(Supplied data Opens)
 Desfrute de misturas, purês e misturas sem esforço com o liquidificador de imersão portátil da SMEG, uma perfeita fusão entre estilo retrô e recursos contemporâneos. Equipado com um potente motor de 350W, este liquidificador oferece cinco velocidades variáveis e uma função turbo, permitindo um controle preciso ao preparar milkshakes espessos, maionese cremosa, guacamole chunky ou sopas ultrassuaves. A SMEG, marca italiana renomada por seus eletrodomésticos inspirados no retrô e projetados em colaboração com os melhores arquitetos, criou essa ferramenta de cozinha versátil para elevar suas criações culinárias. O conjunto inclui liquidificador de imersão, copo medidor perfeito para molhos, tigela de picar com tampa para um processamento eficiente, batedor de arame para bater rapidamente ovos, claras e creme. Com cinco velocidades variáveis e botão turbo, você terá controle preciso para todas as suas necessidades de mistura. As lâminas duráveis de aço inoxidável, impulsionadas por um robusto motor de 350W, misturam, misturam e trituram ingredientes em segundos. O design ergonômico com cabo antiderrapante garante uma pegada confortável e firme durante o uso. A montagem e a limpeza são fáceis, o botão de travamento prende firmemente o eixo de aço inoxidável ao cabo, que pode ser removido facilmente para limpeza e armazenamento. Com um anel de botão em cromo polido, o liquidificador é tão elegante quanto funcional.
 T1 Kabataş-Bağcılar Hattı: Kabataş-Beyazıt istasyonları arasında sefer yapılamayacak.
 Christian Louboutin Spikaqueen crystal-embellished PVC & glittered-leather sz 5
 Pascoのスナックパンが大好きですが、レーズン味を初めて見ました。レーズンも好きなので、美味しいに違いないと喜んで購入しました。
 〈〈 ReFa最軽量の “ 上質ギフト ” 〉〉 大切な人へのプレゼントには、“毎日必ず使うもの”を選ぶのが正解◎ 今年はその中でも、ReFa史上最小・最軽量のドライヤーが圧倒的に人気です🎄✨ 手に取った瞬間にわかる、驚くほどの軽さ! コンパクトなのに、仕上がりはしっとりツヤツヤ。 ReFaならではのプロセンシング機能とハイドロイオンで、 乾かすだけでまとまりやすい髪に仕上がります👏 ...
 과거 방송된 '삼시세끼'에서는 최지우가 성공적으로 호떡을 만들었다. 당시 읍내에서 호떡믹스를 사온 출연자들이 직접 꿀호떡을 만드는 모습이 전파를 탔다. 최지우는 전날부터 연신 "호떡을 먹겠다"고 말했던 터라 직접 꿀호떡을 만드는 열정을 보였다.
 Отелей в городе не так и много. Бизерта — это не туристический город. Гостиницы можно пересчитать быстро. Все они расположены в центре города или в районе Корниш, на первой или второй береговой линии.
(Supplied data Closes)
> Your goal: Among the records above, only the lines between the line holding "ReFaならではのプロセンシング機能とハイドロイオンで、 乾かすだけでまとまりやすい髪に仕上がります👏 ..." and the line holding "과거 방송된 '삼시세끼'에서는", inclusive, are to be output, exactly as written.

> Result of the exercise:
 〈〈 ReFa最軽量の “ 上質ギフト ” 〉〉 大切な人へのプレゼントには、“毎日必ず使うもの”を選ぶのが正解◎ 今年はその中でも、ReFa史上最小・最軽量のドライヤーが圧倒的に人気です🎄✨ 手に取った瞬間にわかる、驚くほどの軽さ! コンパクトなのに、仕上がりはしっとりツヤツヤ。 ReFaならではのプロセンシング機能とハイドロイオンで、 乾かすだけでまとまりやすい髪に仕上がります👏 ...
 과거 방송된 '삼시세끼'에서는 최지우가 성공적으로 호떡을 만들었다. 당시 읍내에서 호떡믹스를 사온 출연자들이 직접 꿀호떡을 만드는 모습이 전파를 탔다. 최지우는 전날부터 연신 "호떡을 먹겠다"고 말했던 터라 직접 꿀호떡을 만드는 열정을 보였다.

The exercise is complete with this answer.